Une étude de « la Fabrique », le laboratoire d’idées du patronat industriel, a relancé le débat. Selon cet organisme, l’extension des allégements de cotisations aux salaires moyens permettrait de créer autant d’emplois que le ciblage actuel sur les bas salaires mais créerait plus de croissance. Le résultat est pourtant infinitésimal: + 0,01 % de croissance par an pour 10 milliards redéployés, selon l’étude. Même pas l’épaisseur du trait, dirait un statisticien. L’enjeu du débat est ailleurs. Au nom de « l’industrie » et de « l’exportation », le patronat voudrait un système d’allégement des cotisations étendu. Quitte à critiquer au passage le dispositif actuel trop concentré sur les bas salaires qui profite au secteur des services et qui est peu générateur de croissance.

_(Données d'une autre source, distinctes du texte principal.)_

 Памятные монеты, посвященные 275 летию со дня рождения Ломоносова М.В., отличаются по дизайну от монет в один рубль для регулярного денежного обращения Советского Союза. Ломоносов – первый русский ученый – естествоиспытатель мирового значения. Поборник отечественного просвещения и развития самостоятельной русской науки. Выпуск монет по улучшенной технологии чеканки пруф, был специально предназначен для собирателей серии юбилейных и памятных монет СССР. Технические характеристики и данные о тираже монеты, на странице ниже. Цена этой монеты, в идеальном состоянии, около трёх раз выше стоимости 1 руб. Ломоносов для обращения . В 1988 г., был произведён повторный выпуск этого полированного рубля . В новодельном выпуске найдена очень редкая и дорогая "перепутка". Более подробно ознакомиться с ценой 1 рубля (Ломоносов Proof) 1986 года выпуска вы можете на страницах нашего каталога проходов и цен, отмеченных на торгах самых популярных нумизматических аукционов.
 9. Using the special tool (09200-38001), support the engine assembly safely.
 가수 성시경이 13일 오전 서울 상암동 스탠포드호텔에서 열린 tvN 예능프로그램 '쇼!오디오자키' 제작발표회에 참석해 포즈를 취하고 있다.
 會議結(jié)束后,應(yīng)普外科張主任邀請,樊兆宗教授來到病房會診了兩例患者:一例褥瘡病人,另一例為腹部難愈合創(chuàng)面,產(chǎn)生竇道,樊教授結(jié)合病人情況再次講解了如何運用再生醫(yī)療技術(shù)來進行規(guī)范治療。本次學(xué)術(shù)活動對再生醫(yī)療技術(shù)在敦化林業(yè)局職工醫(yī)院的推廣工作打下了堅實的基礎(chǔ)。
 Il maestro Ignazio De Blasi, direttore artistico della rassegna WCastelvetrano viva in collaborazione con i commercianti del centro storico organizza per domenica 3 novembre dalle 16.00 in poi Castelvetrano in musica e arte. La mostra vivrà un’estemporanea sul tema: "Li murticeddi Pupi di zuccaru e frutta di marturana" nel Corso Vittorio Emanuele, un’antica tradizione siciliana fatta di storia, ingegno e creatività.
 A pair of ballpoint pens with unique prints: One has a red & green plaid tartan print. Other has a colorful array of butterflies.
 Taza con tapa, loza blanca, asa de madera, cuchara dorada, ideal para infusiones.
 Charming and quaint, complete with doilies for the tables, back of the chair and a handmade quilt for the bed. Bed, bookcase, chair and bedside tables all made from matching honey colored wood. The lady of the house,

On ne sort décidément pas de l’idée fausse que le coût du travail est le principal obstacle à la croissance.
L’économiste J. M. Keynes avait pourtant mis en évidence cette erreur à l’occasion de la grande crise de 1929. Avec ce raisonnement étendu à tous les pays, le risque était grand que le chômage devienne structurel. Les salaires stagnant, la consommation se ralentirait. La demande adressée aux entreprises baisserait à son tour. Ces dernières devraient débaucher quel que soit le niveau des salaires. Le chômage de masse s’installerait. Ce qui était déjà vrai il y a 75 ans l’est encore plus aujourd’hui puisque les salariés représentent 90 % de la population active en Europe.

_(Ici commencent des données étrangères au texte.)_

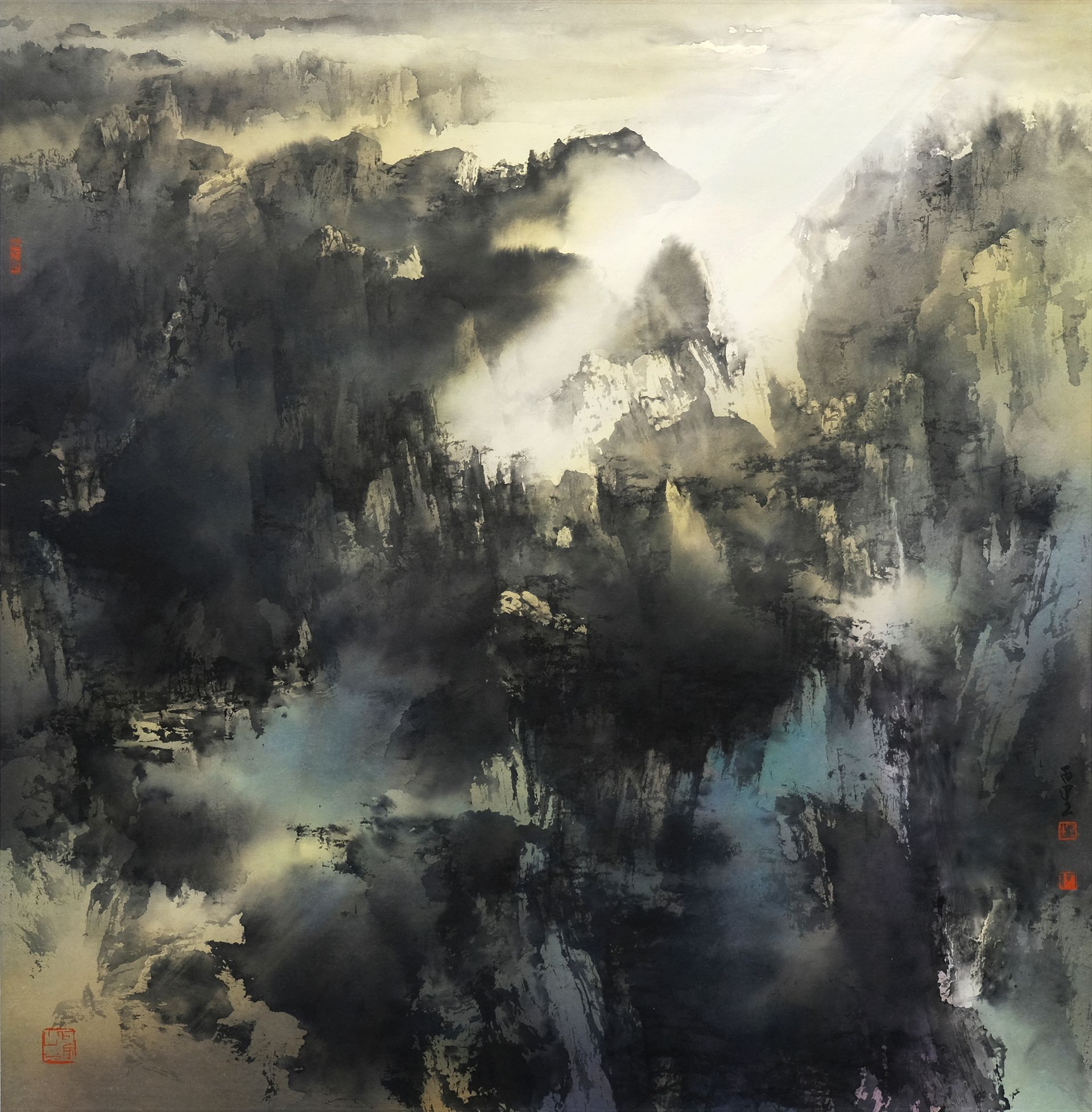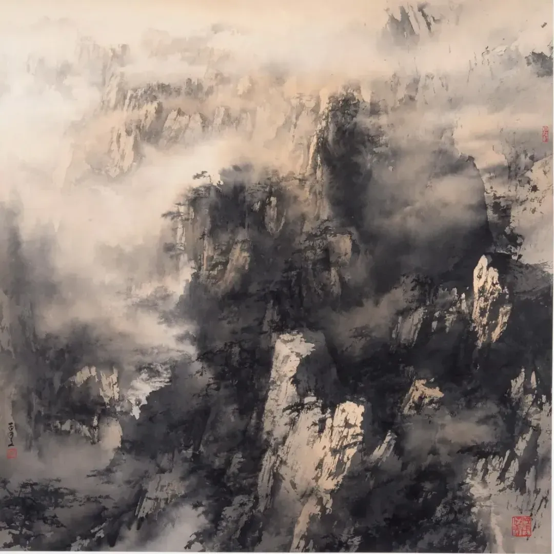 何⽒博取西方繪畫之長和參匯宋元山水理法,創立了彩墨交融,古情新意的「何家山水」。近年來,因一次中國北方太行山的旅行穫得啓發,以寬廣而抒情的筆觸,描繪了晨光透過薄霧投射在山上的壯麗景象;那裡令人窒息的高山與南方的田園風光形成鮮明對比。他對懸崖峭壁、若隱若現的雲層和遠山的渲染,呈現出一場視覺盛宴;對何⽒來說,日出象徵著新生和希望,把嶺南畫派中對光及透視之運用提昇極致。

Personne ne nie les problèmes de financement de nombre d’entreprises industrielles en France. Mais cela vient-il d’une modification du partage de la valeur ajoutée ? Difficile à établir! Il n’y a eu aucun « dérapage salarial » ces 15 dernières années. Baisser le coût du travail ne permettra pas de regagner des parts de marché. Le calcul a été fait pour PSA. Le coût de la main-d’œuvre ne représente qu’un peu plus de 20 % du prix d’une voiture. Une baisse de 5 % de la masse salariale ne représenterait qu’un gain de 1 % sur le prix final d’une automobile, soit 150 euros pour une voiture de 15 000 euros ... Pas de quoi changer fondamentalement la donne!
Les causes de la perte de parts de marché à l’exportation se trouvent ailleurs, dans l’inadaptation de l’offre de produits et de services d’origine française. Prenons un exemple: on ne peut pas avoir sacrifié l’industrie française de la machine-outil et s’étonner que nous ayons perdu une part importante de nos marchés dans les biens d’équipement!

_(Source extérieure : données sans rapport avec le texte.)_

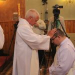 A főpásztor ezután a kézfeltétel által átadta a „papi hatalmat” Ollé Tamásnak, majd a Nagyszombati Egyházmegye jelenlévő lelkipásztorai – a felszentelt fejére téve kezüket – befogadták őt a papi közösségbe.
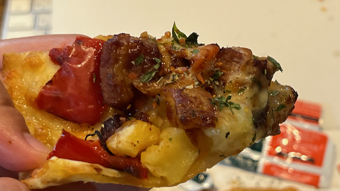 チェダーチーズが振ってあってサラミやベーコンなどの風味と良く合う。
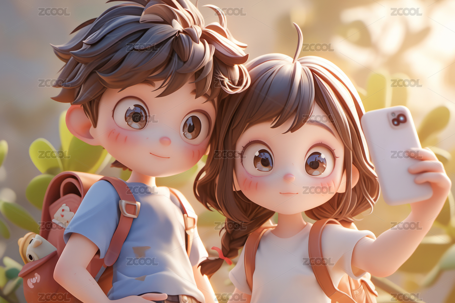 卡通,3D,可爱,情侣,手机,自拍,户外,插画,aigc,两个人
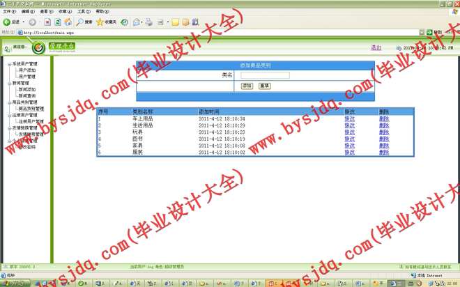 4)商品类别,包括数据项:分类编号,分类名称,添加时间等。
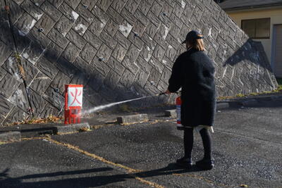 手順通りに消火器を扱い・・・
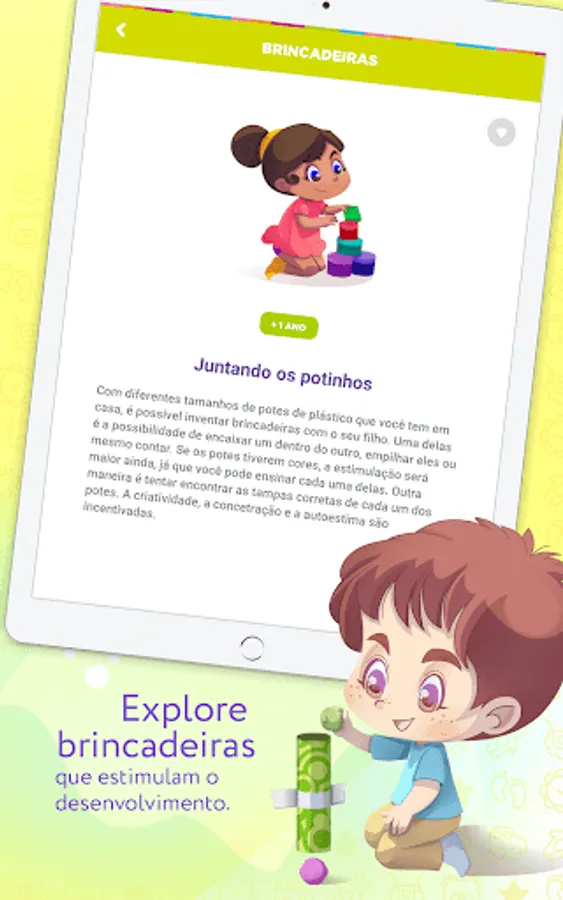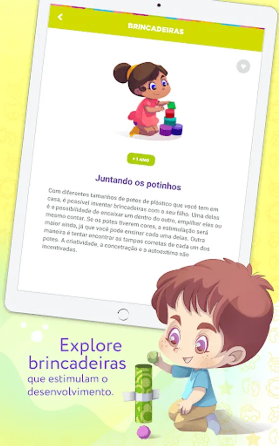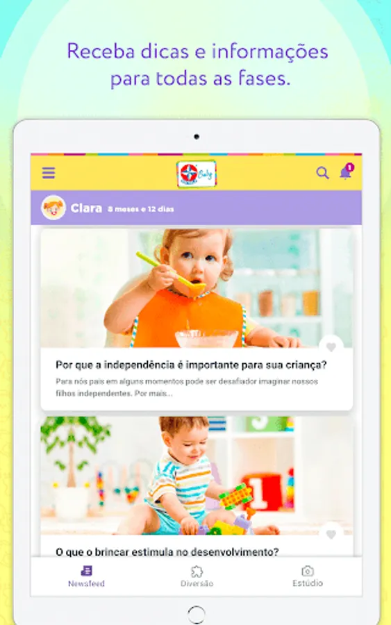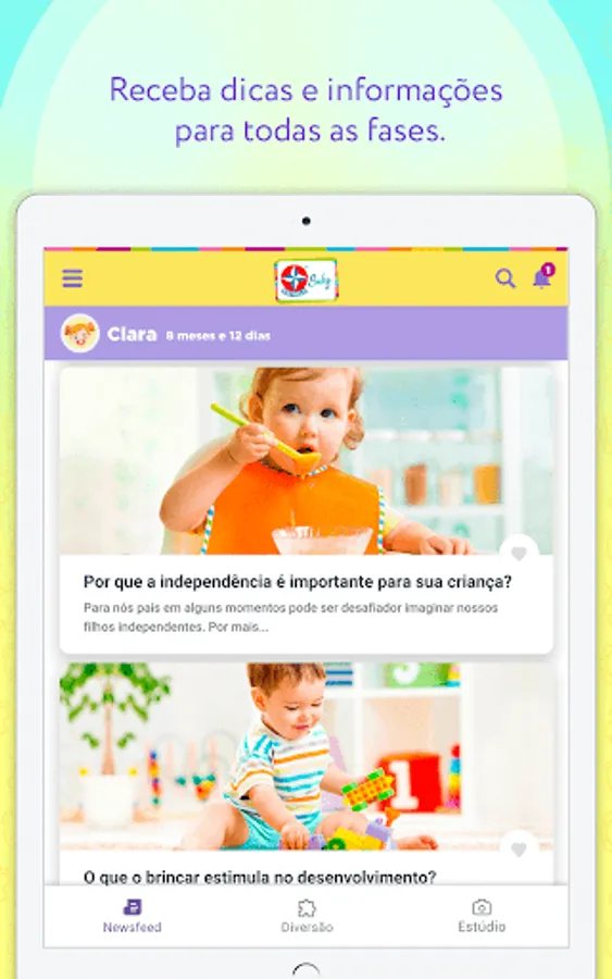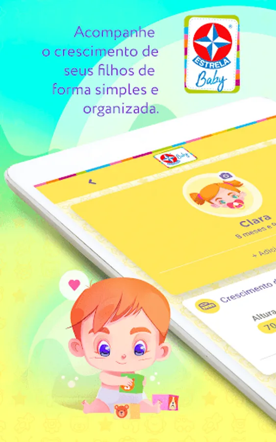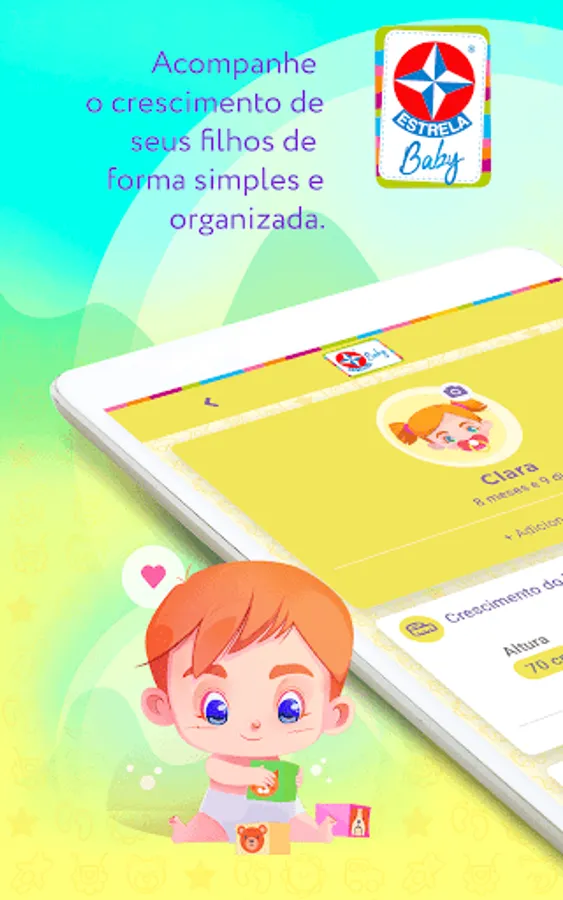 To help parents in the organization and evolution of their children, Estrela has developed the STAR BABY application, created to collaborate with families and keep them informed about the most important issues in the children's universe. We bring a series of educational toys, jokes and special albums, all designed with each phase of children in mind and in their development.

Plus structurellement, réduire la masse salariale, fût-ce par le biais des exonérations de cotisations, c’est prendre le contre-pied d’une politique indispensable de valorisation de l’emploi et du travail. Chacun sait pourtant que le principal déficit de la France vis-à-vis de l’Allemagne est celui du niveau de formation de la main-d’œuvre, notamment industrielle.
Comment demander aux salariés de se former, de développer leur qualification si on les rémunère globalement moins ?
Il est dès lors très probable que les sommes correspondant au déploiement éventuel des allégements consentis aux entreprises n’iront pas à l’investissement mais au maintien, voire à l’accroissement de la rémunération du capital. Une fois de plus, avec cette étude, nous sommes donc loin de l’ouverture du débat public indispensable pour gagner la relance de notre industrie.